# What was that bang?



## janrich (Dec 4, 2008)

I was in Alvaiazere yesterday (Friday) and about 2.30 -3pm there was a huge explosion. Friends in Ansiao told me last night they heard it there too. Anyone know what is was?


----------



## silvers (Sep 22, 2008)

Omostra dropped his wallet.


----------



## blackirishgirl (Feb 20, 2009)

Silvers...you crack me up! 

I've searched the internet and can't find anything about an explosion in Alvaiazere -curious to know if it was planned blasting of some sort. That same kind of thing happened while we were in another area a few months ago and the locals told us it was planned. Seems that some kinds of construction or mining require some "big bang" help at times.


----------



## omostra06 (Sep 11, 2007)

silvers said:


> Omostra dropped his wallet.


lol....it wouldnt make that much noise, i have not been given my pocket moneyy yet...

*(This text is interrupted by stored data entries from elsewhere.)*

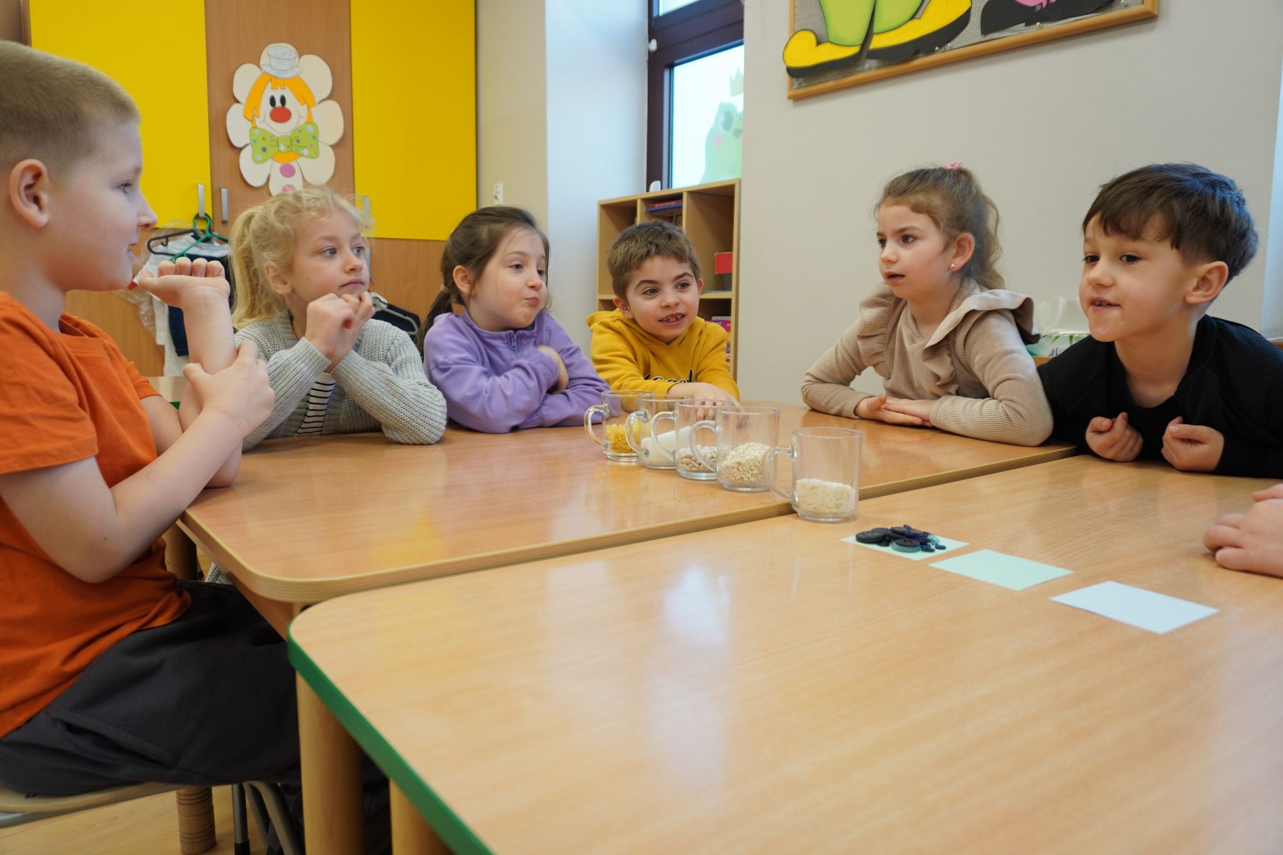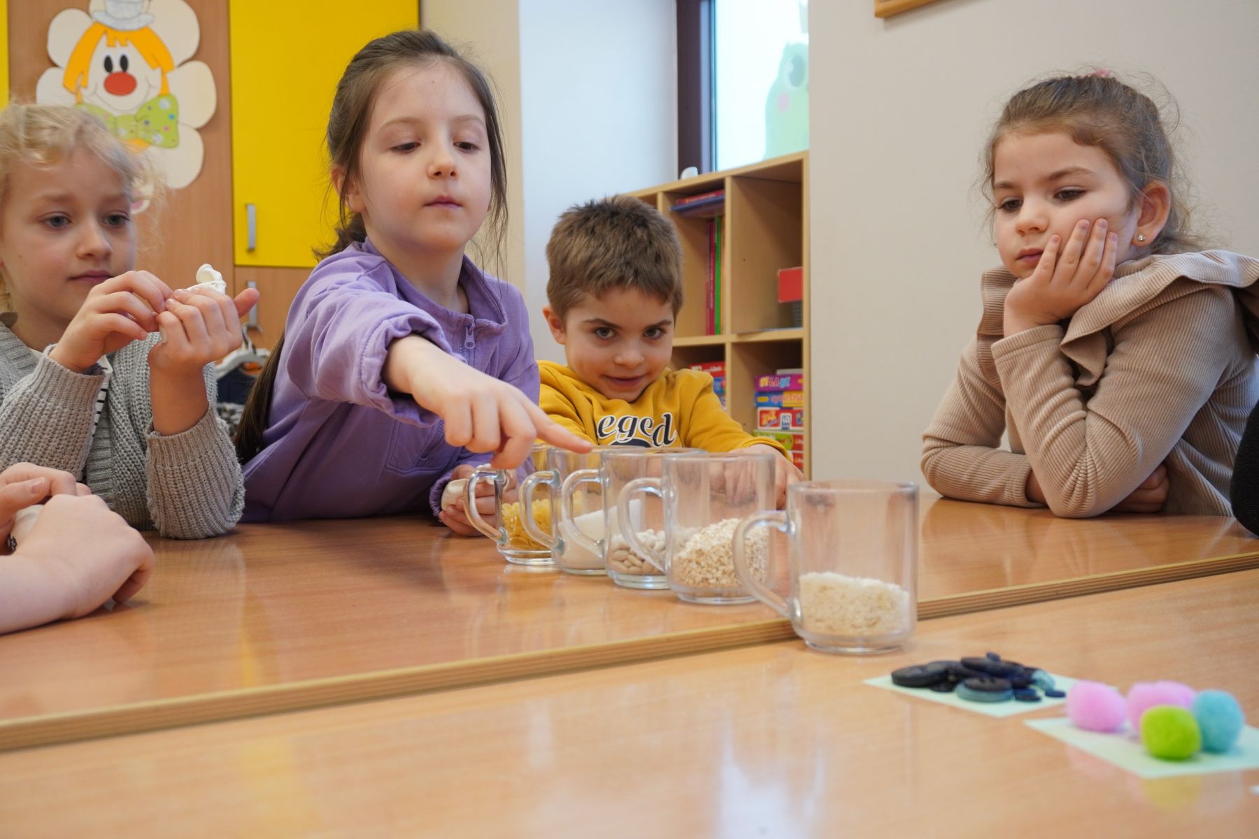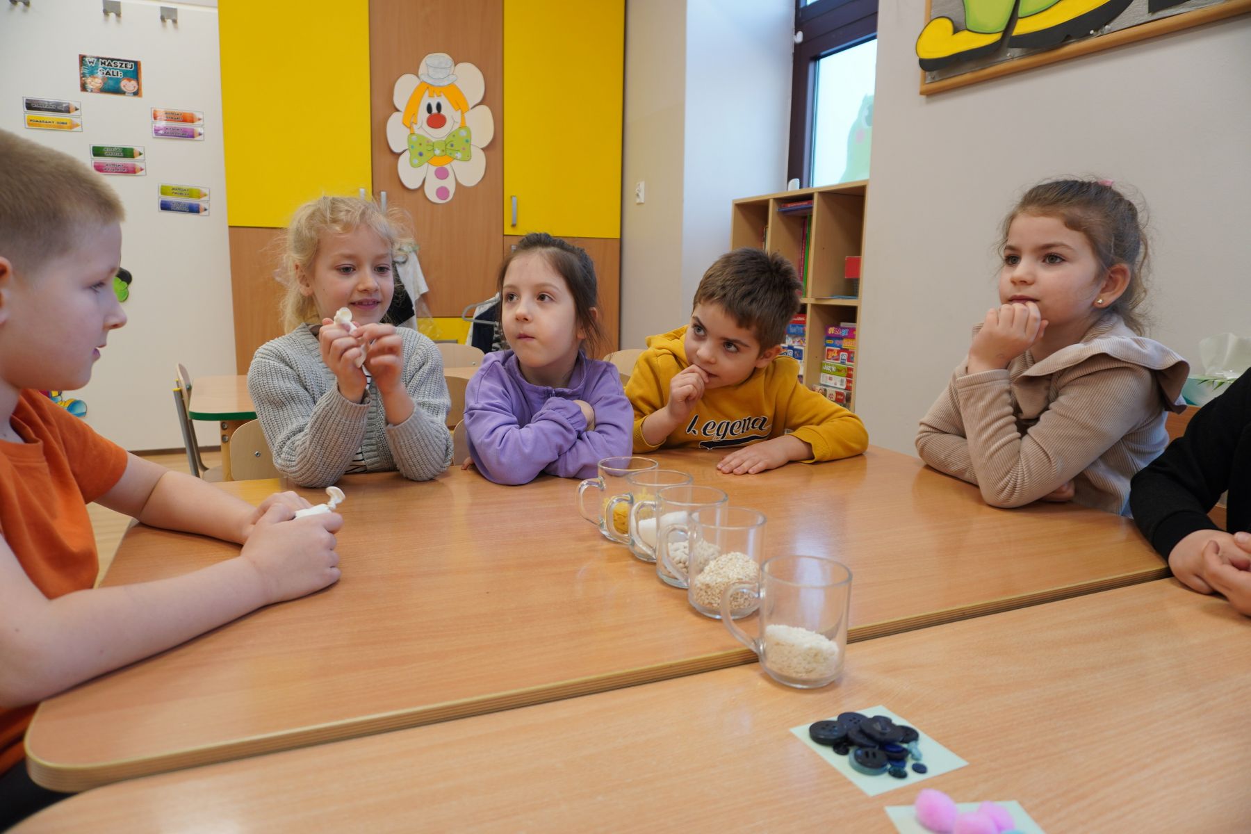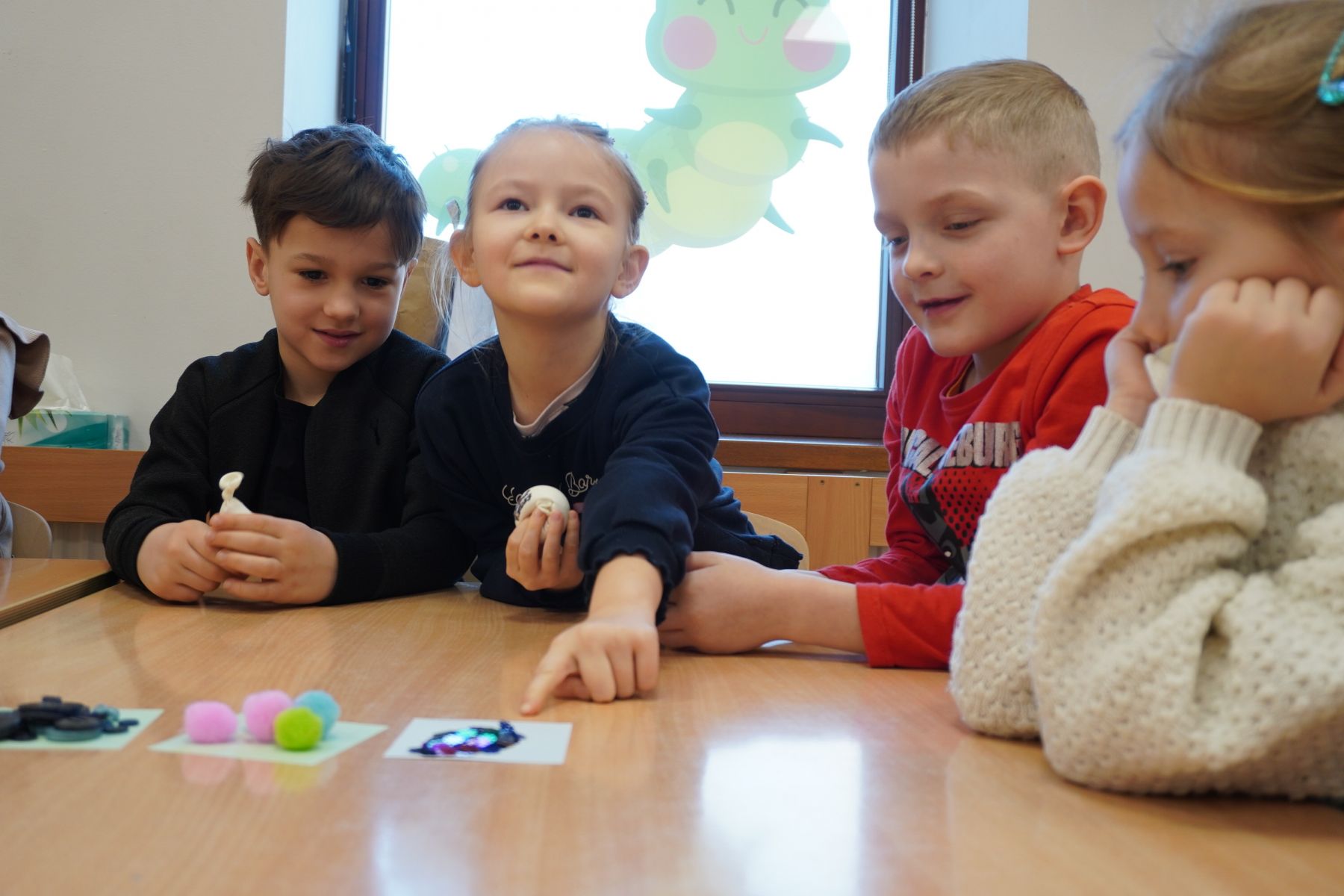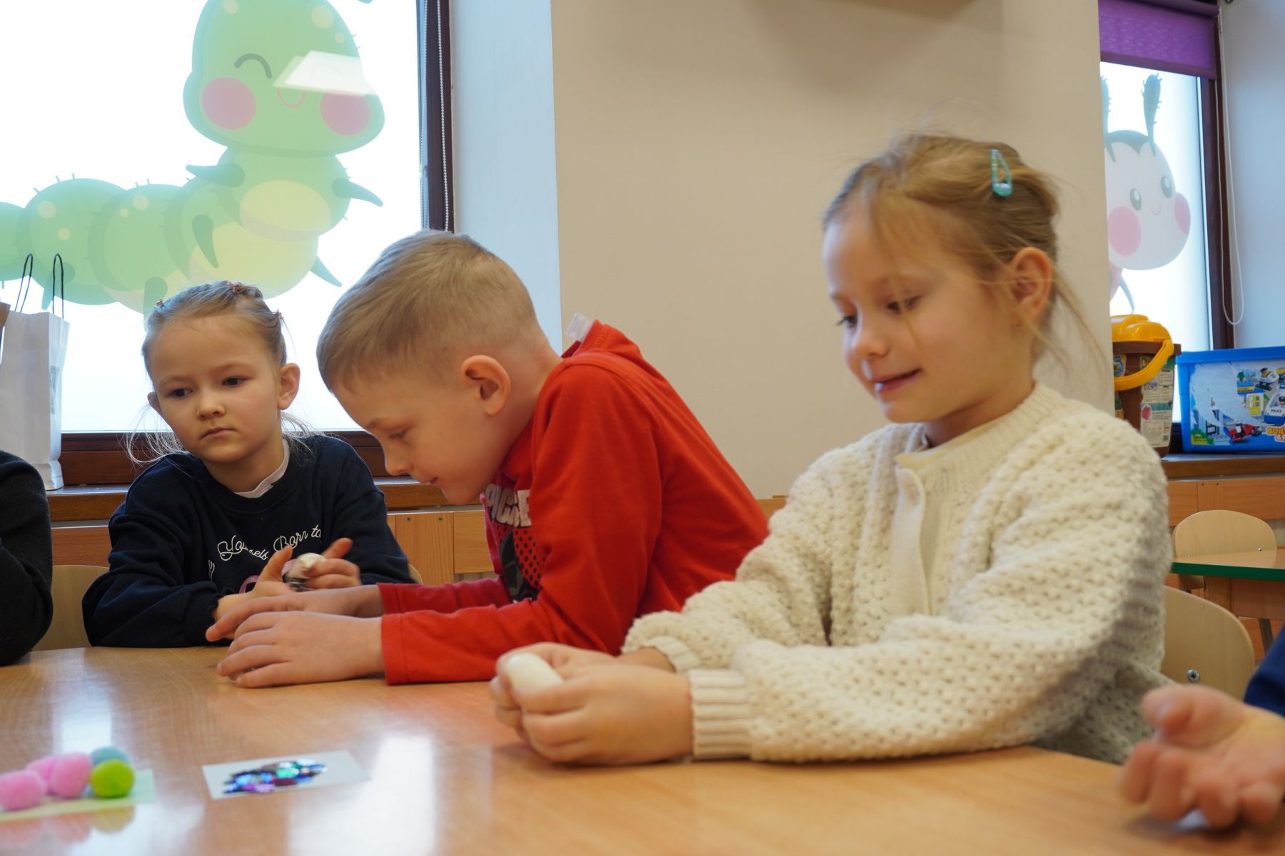 Zadaniem dzieci było za pomocą dotyku odgadnięcie, który produkt z przedstawionych na kartoniku ukrył się w balonie.
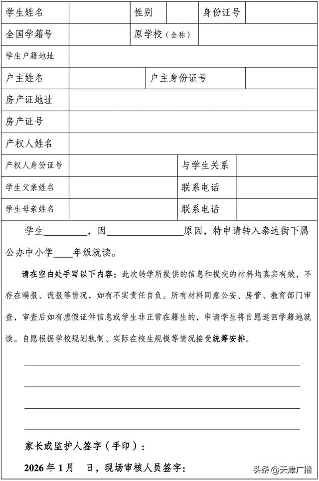 (3)书面转学申请(信息采集时自行下载转学申请模板),须监护人签名、捺指印。
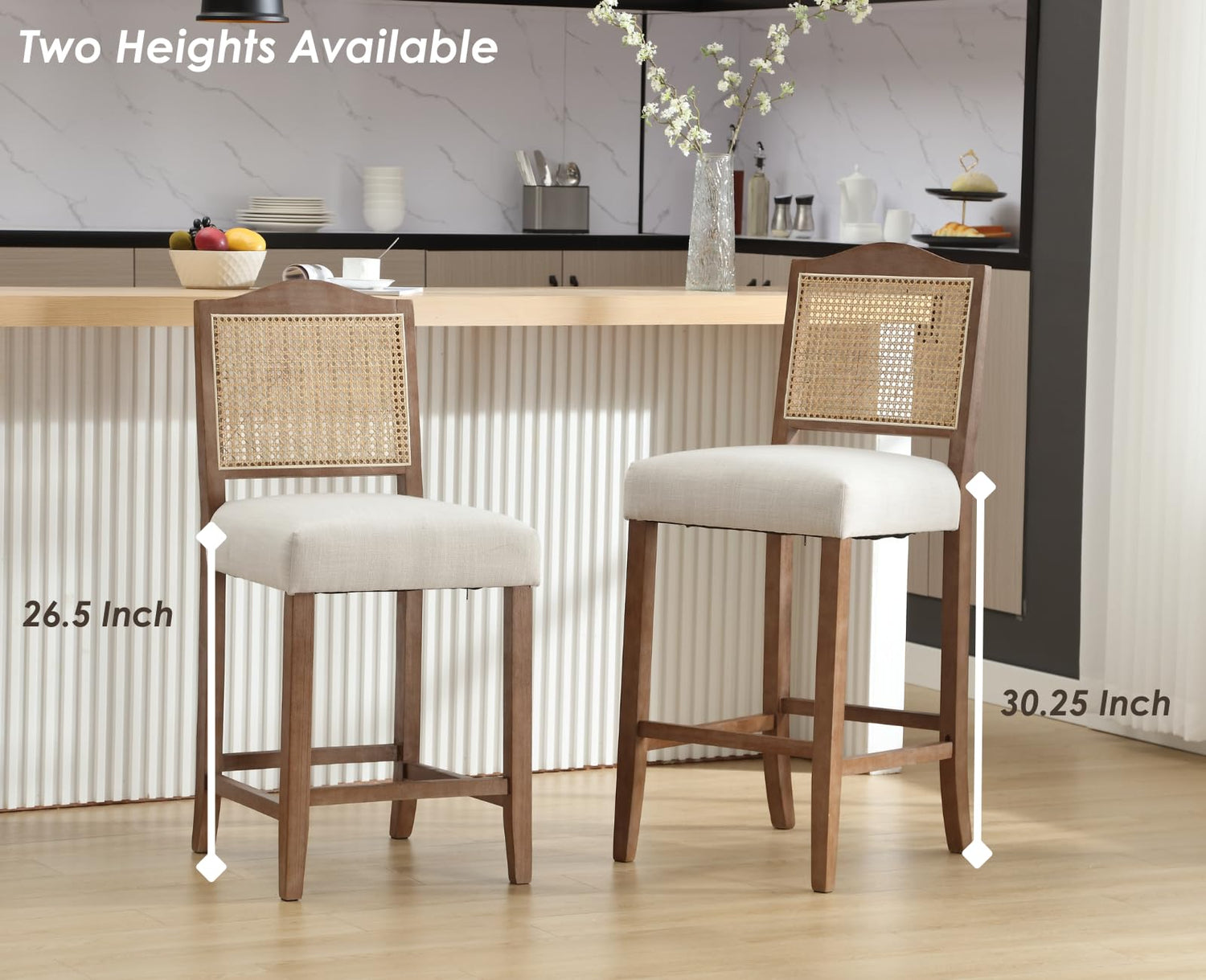 - 【Eye-Catching Island Chairs】This barstool features a beautiful arched rattan back, combining the design aesthetics of retro and modern colors, making the overall shape elegant and retro, making it a perfect match for the rest of your home.

Perhaps it was at the Quarry just out of Alvaiazere, Jan, maybe blasting some stone out.


----------



## Mr.Blueskies (Feb 24, 2009)

"He doesn't carry a wallet ! "Keeps it all in his piggy bank !


----------



## omostra06 (Sep 11, 2007)

Mr.Blueskies said:


> "He doesn't carry a wallet ! "Keeps it all in his piggy bank !



What do you mean ALL!! iam just a poor estate agent.......what i have would fit in a matchbox...


----------



## PETERFC (Apr 3, 2009)

*Reply*

Derek

Matchbox we have a new line in big matchboxs how many would you like

Peter


----------